Del lado palestino, la situación es más silenciosa pero igual de tensa. Jamal Hadweh, presidente de la Asociación Palestina Guatemalteca, representa a más de 25.000 palestinos que viven en el país, principalmente cristianos llegados en distintas oleadas migratorias desde 1882. Muchas familias palestinas están integradas en la economía guatemalteca como empresarios y comerciantes.
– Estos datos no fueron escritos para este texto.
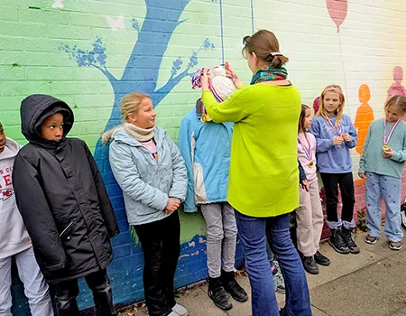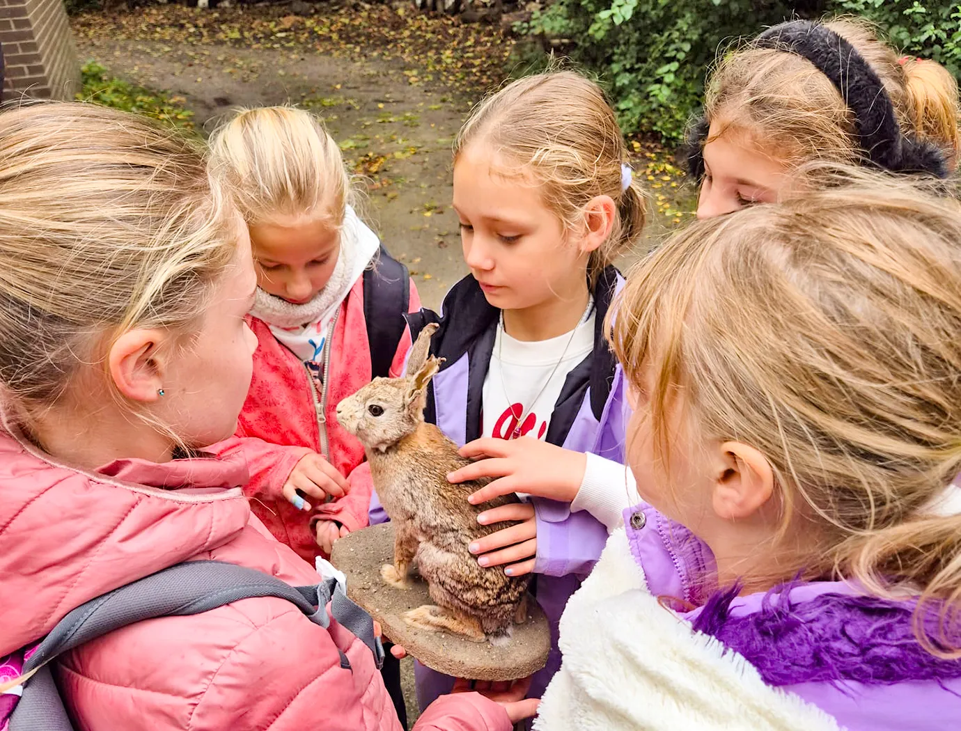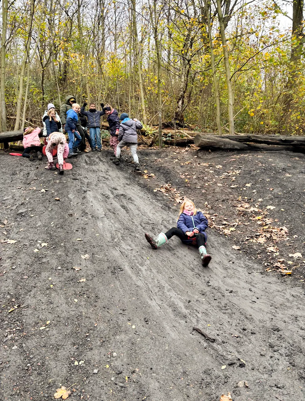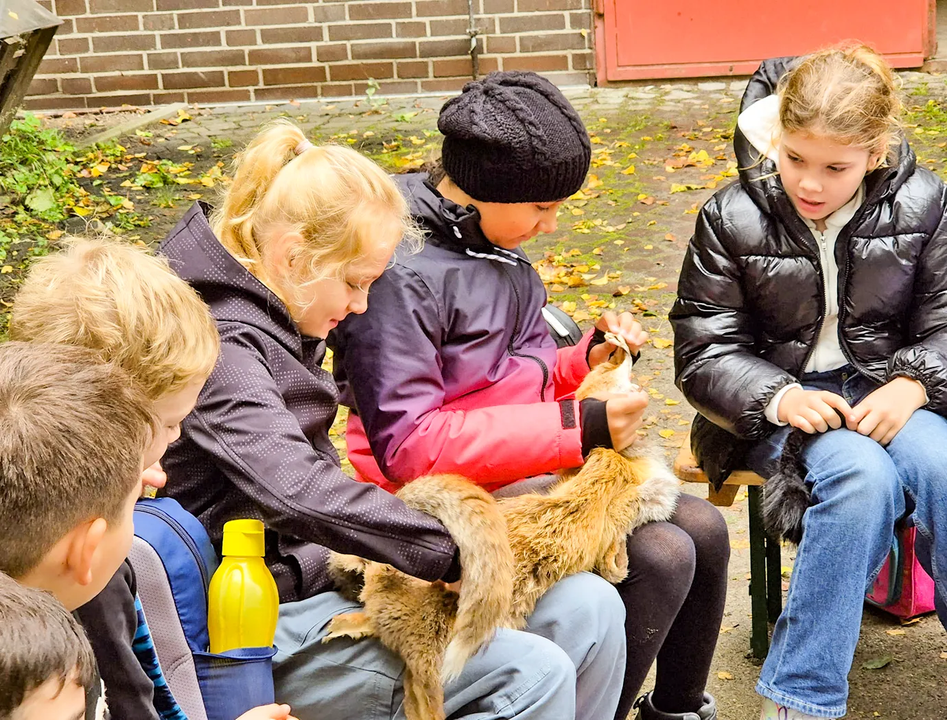 Schülerinnen der 4. Klassen sitzen im Kreis auf dem Anwesen des Forsthauses und betrachten und berühren ausgestopfte Tiere. Sie rutschen auf Brettern einen Matschhügel hinunter.

Hadweh critica duramente a los evangélicos por lo que considera un apoyo ciego a Israel: "el evangélico aquí es muy ciego", aseguró. Para él, la comunidad judía trabaja "para destruir la imagen de un Estado palestino". La relación entre ambas comunidades es fría y distante, a pesar de que viven en el mismo país.

El gobierno guatemalteco ha mantenido su alineamiento histórico con Israel sin cambios significativos, aunque con una excepción notable: después del 7 de octubre votó a favor de una resolución de la ONU reconociendo a Palestina como Estado, lo que fue criticado por la comunidad judía como "premiar el terrorismo". Esta es la complejidad actual de Guatemala: un país tan pequeño como profundamente dividido sobre un conflicto que ocurre a 12.000 kilómetros de distancia, pero que permea su política interna y sus relaciones comunitarias de manera que la mayoría de ciudadanos ni siquiera se percata.